From India’s point of view, a crisis occurred in mid-2013, when India’s macros were weak as CAD (Current Account Deficit) touched record high levels of 4.7% of GDP, GDP growth rate slowed down to sub 5% level and inflation was on a steep upward trajectory. The US economy on the other hand was showing signs of recovery and the Fed was planning to taper its quantitative easing program. Slowing of the Indian economy and recovery in US-led to flight to safety as investors were looking for safe-haven assets, which increased the value of gold and the US Dollar simultaneously.

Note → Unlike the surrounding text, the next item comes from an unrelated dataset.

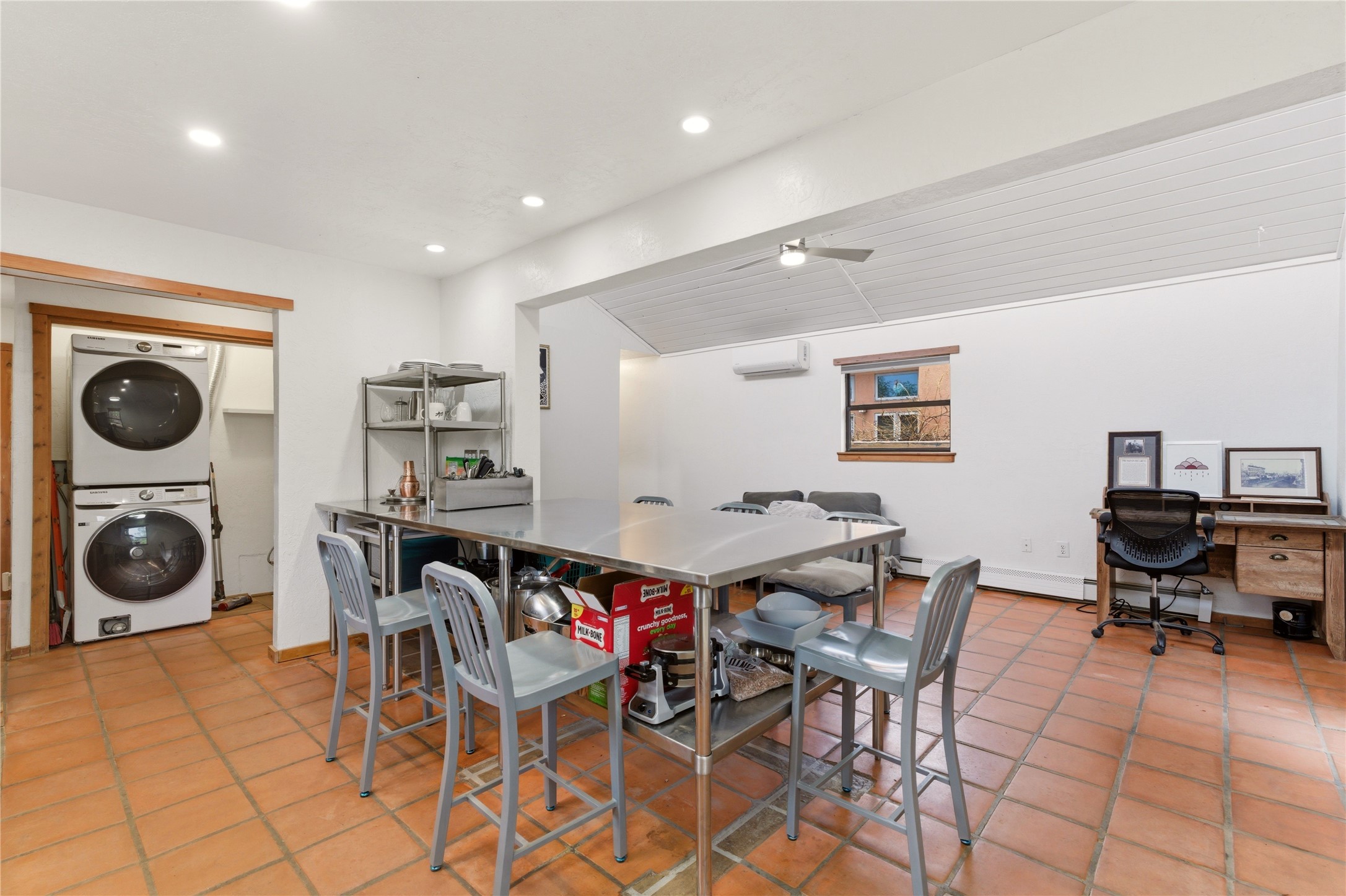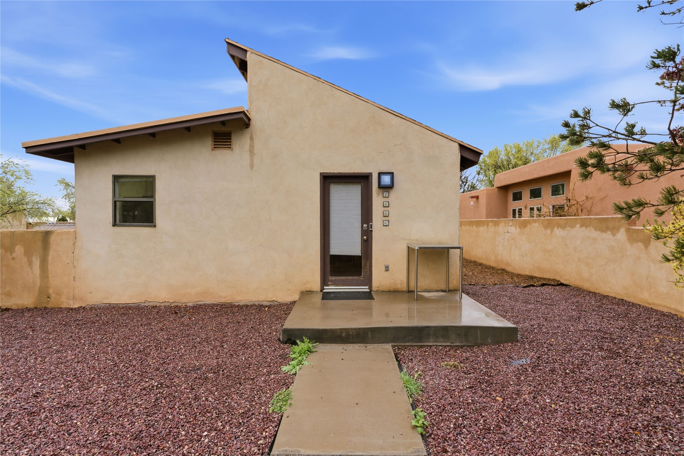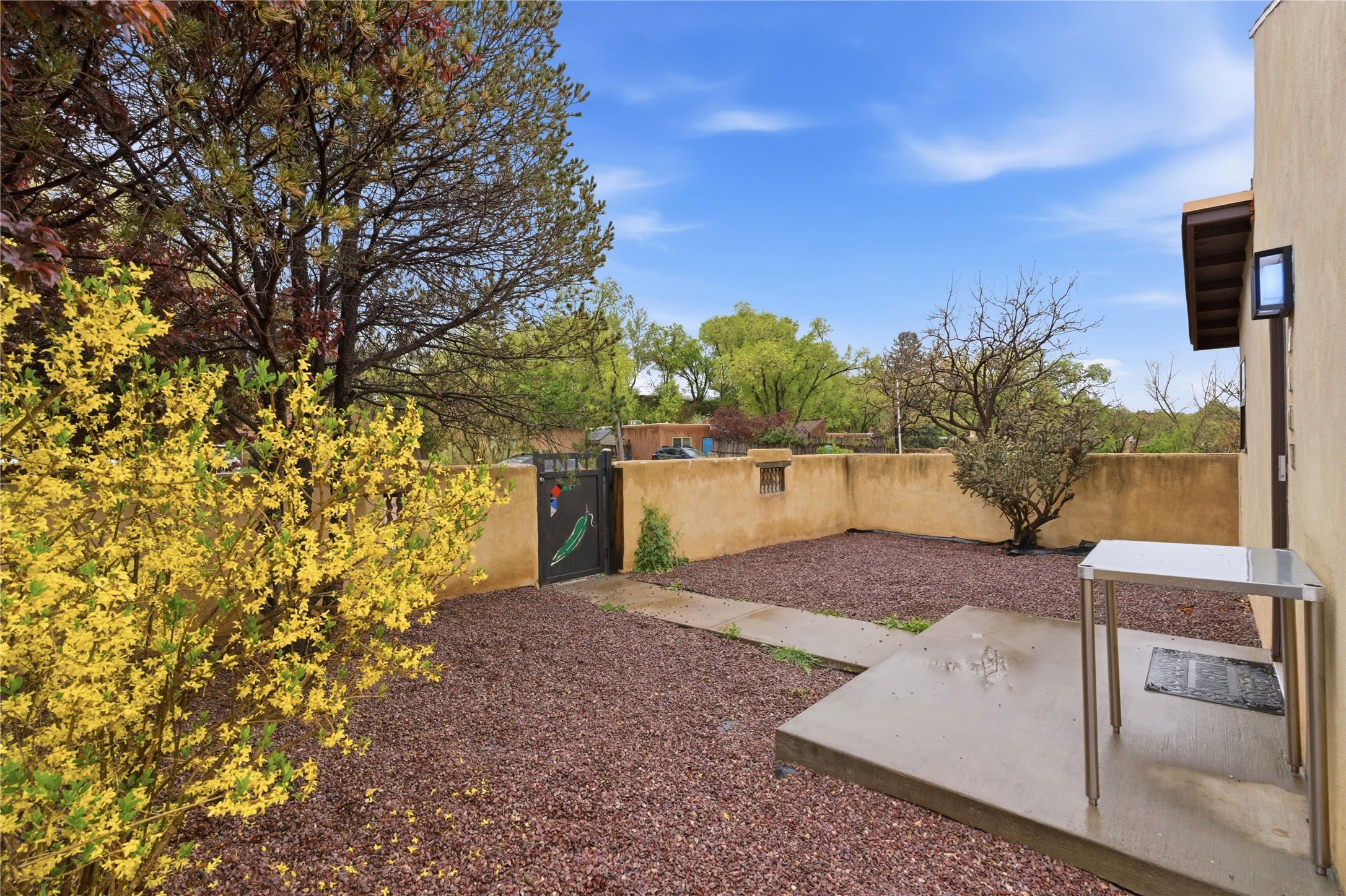 Set behind a walled front courtyard, this 2-bedroom, 2-bath home offers a clean, straightforward layout with a mix of traditional Santa Fe elements and more modern updates. The main living area is open with good natural light, higher ceilings, and clerestory windows that help the space feel larger than the footprint suggests. The kitchen is simple and functional with stainless steel counters, open shelving, and a commercial-style sink. It connects easily to the living area, making the space flexible for day-to-day use. Both bedrooms are well-sized with updated flooring, and the bathrooms have been refreshed with a clean, minimal finish. Heating and cooling are handled by mini-splits, along with baseboard hot water heat. Outside, there's a private front courtyard and a larger fenced backyard with room to expand, garden, or just leave as is. Off-street parking and low-maintenance landscaping keep things easy. The location offers quick access to downtown Santa Fe and surrounding areas, making it a practical option for a primary residence, second home, or investment.

In the recent past since the spread of the novel coronavirus disease (COVID-19), we have seen a surge in the prices of gold from ~48,000 USD/Kg (16th March, 2020) to around 66,000 USD/Kg (6th August, 2020) which is a 37.5% hike. One of the primary reasons for this run could have been the near-zero interest rates on Government bonds and high volatility in the stock market. These two factors might have driven the investors to a safe-haven asset such as gold.

It’s apt to say that gold is an important instrument of wealth accumulation in India, either directly (through investments in mutual funds tracking gold indices) or indirectly (through the purchase of jewellery or bullion). However, one should keep in mind that there are various factors affecting the price of gold such as the state of the economy, macro-economic conditions, geo-political stability, exchange rate fluctuations amongst many others which should be given due consideration before investing in gold.